The optimization results in Stage 2 cannot be guaranteed to perfectly align with the input 2D sequence, only ensuring motion realism.
The quality of the 3D motion in the synthetic data directly limits the performance upper bound of the Stage 4 model.
Joint visibility under severe occlusion remains unaddressed.
The camera arrangement strategy (equispaced circular ring) is relatively fixed, whereas actual scenarios may feature more complex camera distributions.
Exploring end-to-end training to replace the multi-stage pipeline could reduce error accumulation.

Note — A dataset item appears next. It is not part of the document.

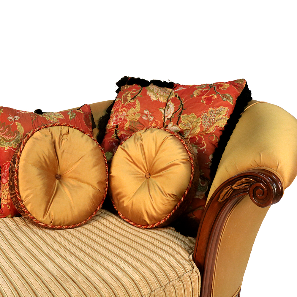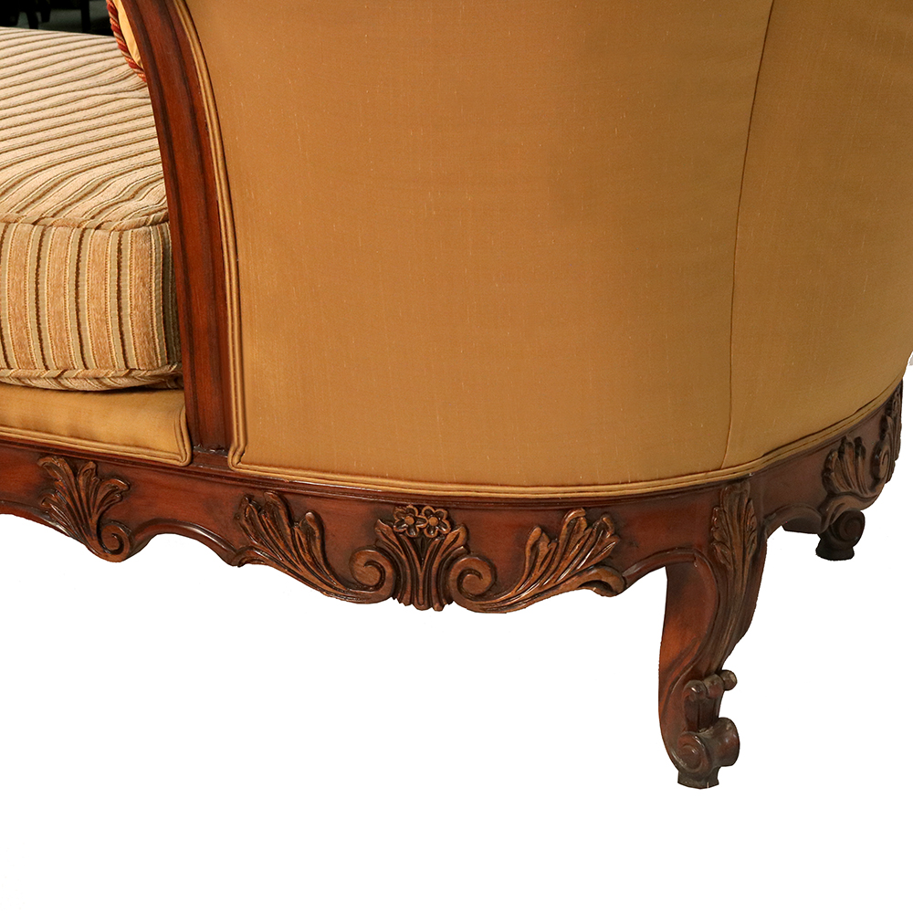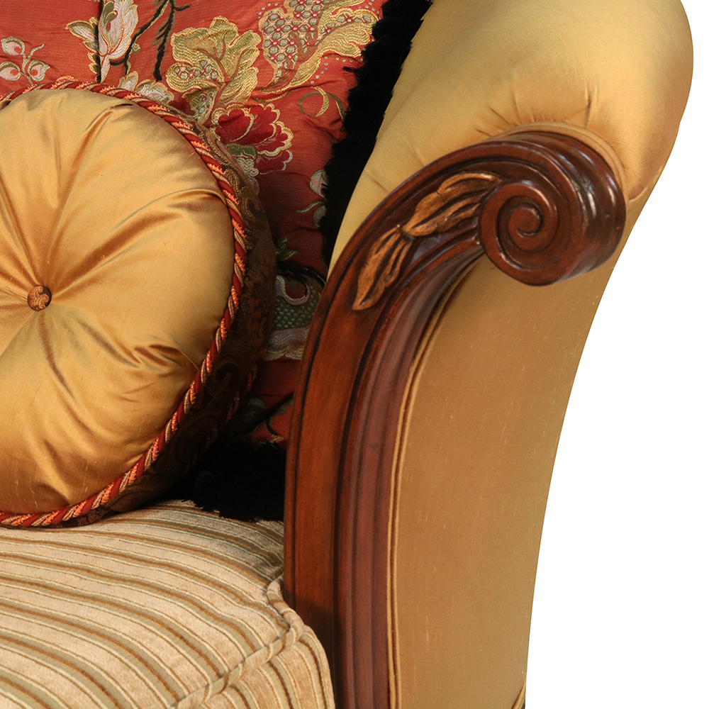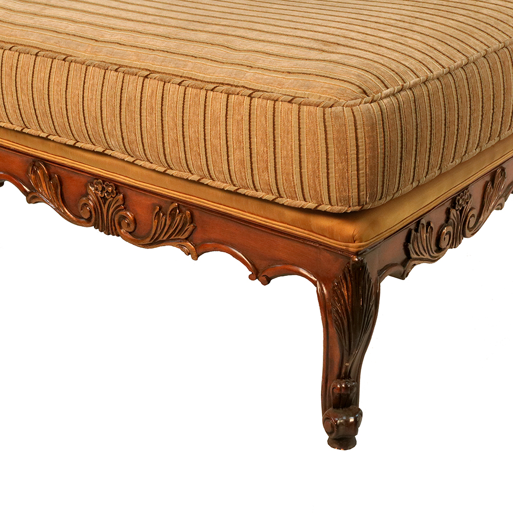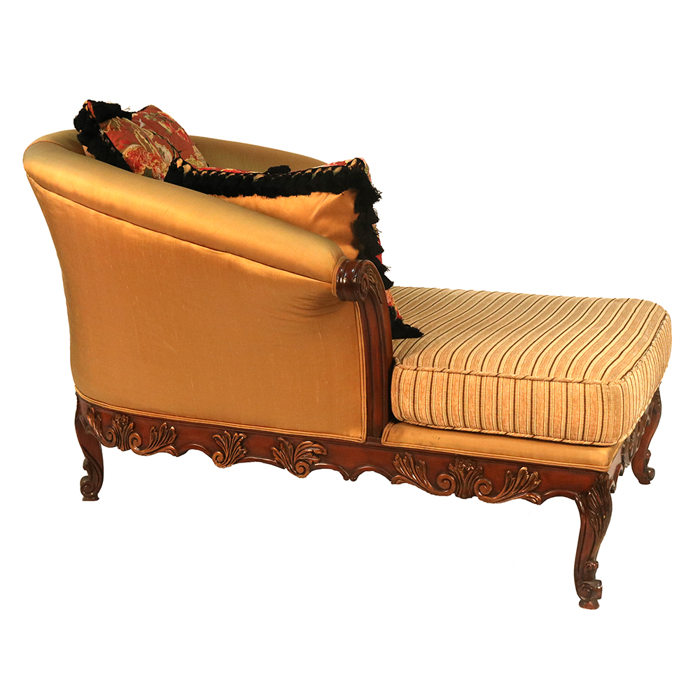 This elegant Chaise Lounge is made from solid hardwood and finished here at Sigla Furniture Factory and can be custom-made in different finishes and fabrics in our Los Angeles Factory, California. As shown, this beautiful Chaise Lounge adds beauty and comfort to your home.
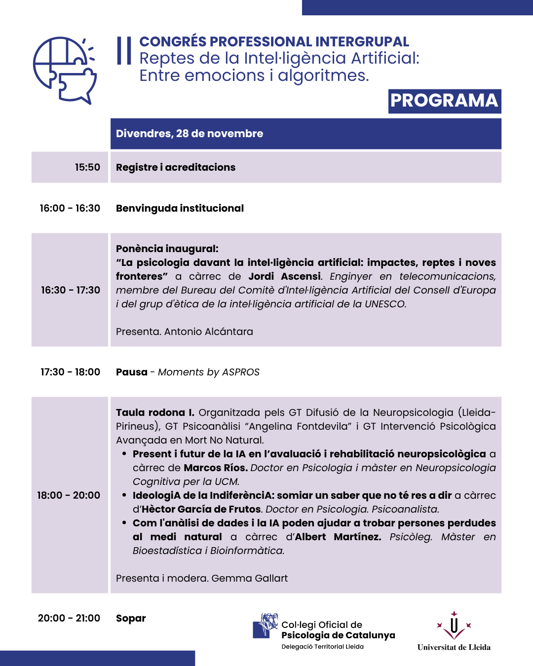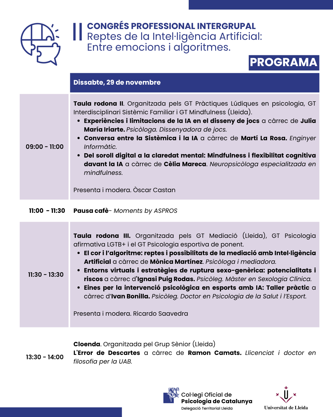 II Congrés Professional Intergrupal: Reptes de la Intel·ligència Artificial: entre emocions i algorítmes.

vs WHAM: WHAM trains its global trajectory prediction module on 3D datasets like AMASS, showing poor generalization to out-of-distribution motions. MVLift, without 3D data, outperforms it by 2.4x in root trajectory accuracy, although MPJPE is slightly inferior (110.7 vs 104.8).
vs MAS: MAS optimizes 3D motion using an unconditional 2D motion diffusion model, but cannot generate consistent multi-view sequences and does not support global trajectories. MVLift resolves both issues via line-conditioning and multi-view consistency constraints.
vs ElePose: ElePose simultaneously predicts 3D poses and cameras using projection loss + a 2D pose prior, but training is unstable and often produces unrealistic poses. MVLift constrains generation quality much better through diffusion model priors.
Insights: The concept of progressive establishment of multi-view consistency can be transferred to other tasks like 3D object reconstruction.

Rating¶

Novelty: ⭐⭐⭐⭐⭐ First to achieve full global 3D motion estimation without 3D supervision, with an ingeniously designed multi-stage progressive strategy.
Experimental Thoroughness: ⭐⭐⭐⭐⭐ Tested on 5 datasets across 3 domains (human/animal/interaction), including human perception experiments and detailed ablations.
Writing Quality: ⭐⭐⭐⭐ The four-stage framework is clear, though it contains many details that require careful reading.
Value: ⭐⭐⭐⭐⭐ Tackles the long-standing "2D-to-3D motion lifting without 3D supervision" problem, offering broad application prospects.